The task:
Repeat all of the data below word for word, keeping no images.

Given data:
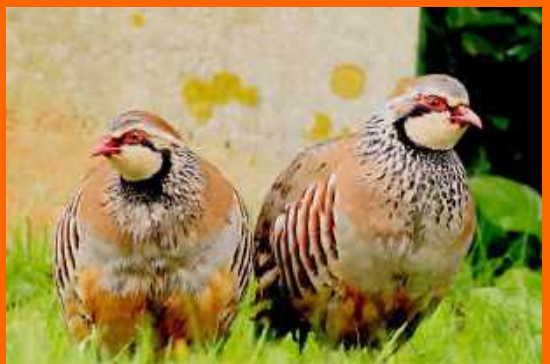
Wildlife in the churchyard
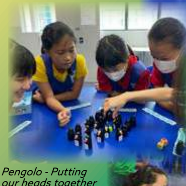
Pengolo - Putting our heads together to remember the coloured eggs
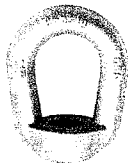
S-4028 BLANK EYE NUTS
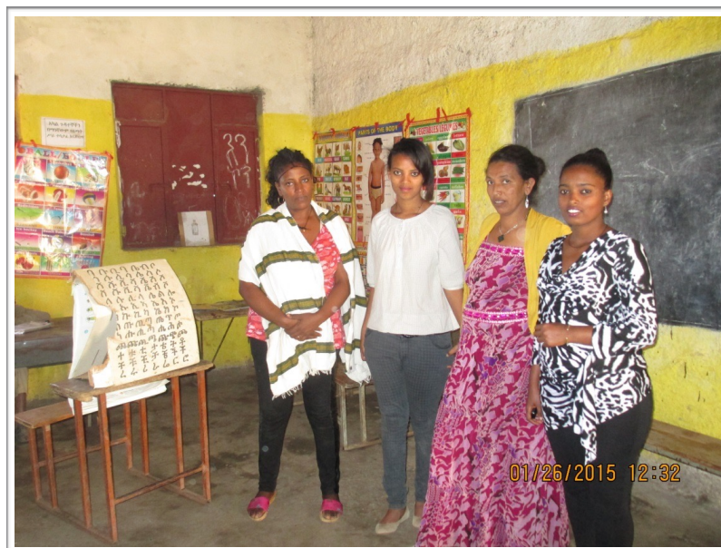
Classroom interior; 1st teacher, University of Gondar student, 2nd teacher, & university faculty member

Campus Representative 243-2839 peacecorps@umontana.edu
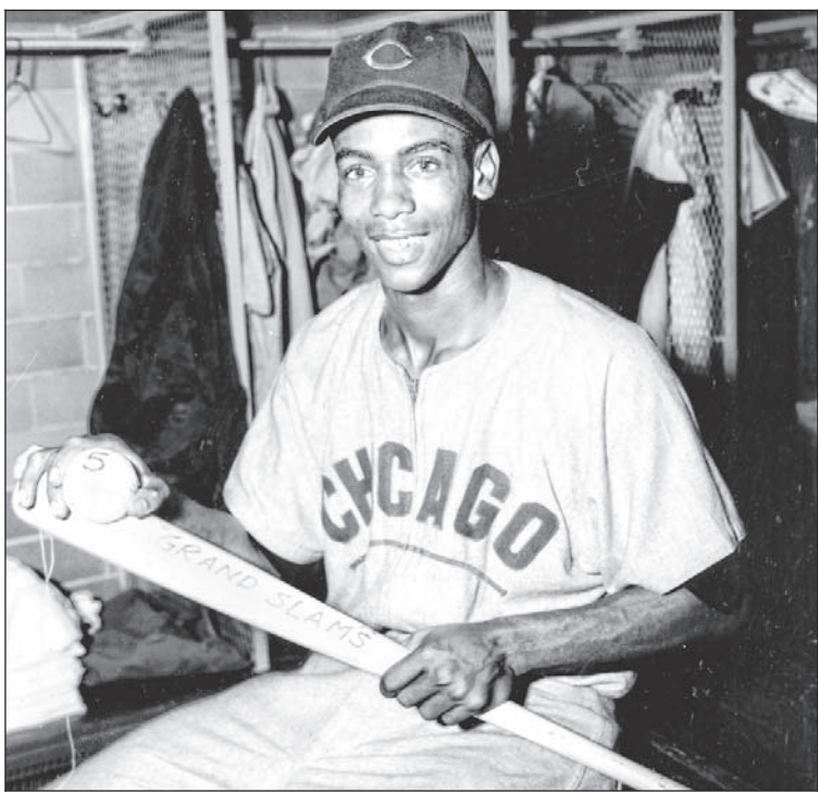
1955 AP photo

Days gone by: Fans line up outside Weeghman Park, home of the Chicago Whales, in 1914. The Whales were replaced as the ballpark's home team by the Cubs in 1916, and Weeghman Park was renamed Wrigley Field in 1927.

Task output:
Wildlife in the churchyard
Pengolo - Putting our heads together to remember the coloured eggs
S-4028 BLANK EYE NUTS
Classroom interior; 1st teacher, University of Gondar student, 2nd teacher, & university faculty member

Campus Representative 243-2839 peacecorps@umontana.edu
1955 AP photo

Days gone by: Fans line up outside Weeghman Park, home of the Chicago Whales, in 1914. The Whales were replaced as the ballpark's home team by the Cubs in 1916, and Weeghman Park was renamed Wrigley Field in 1927.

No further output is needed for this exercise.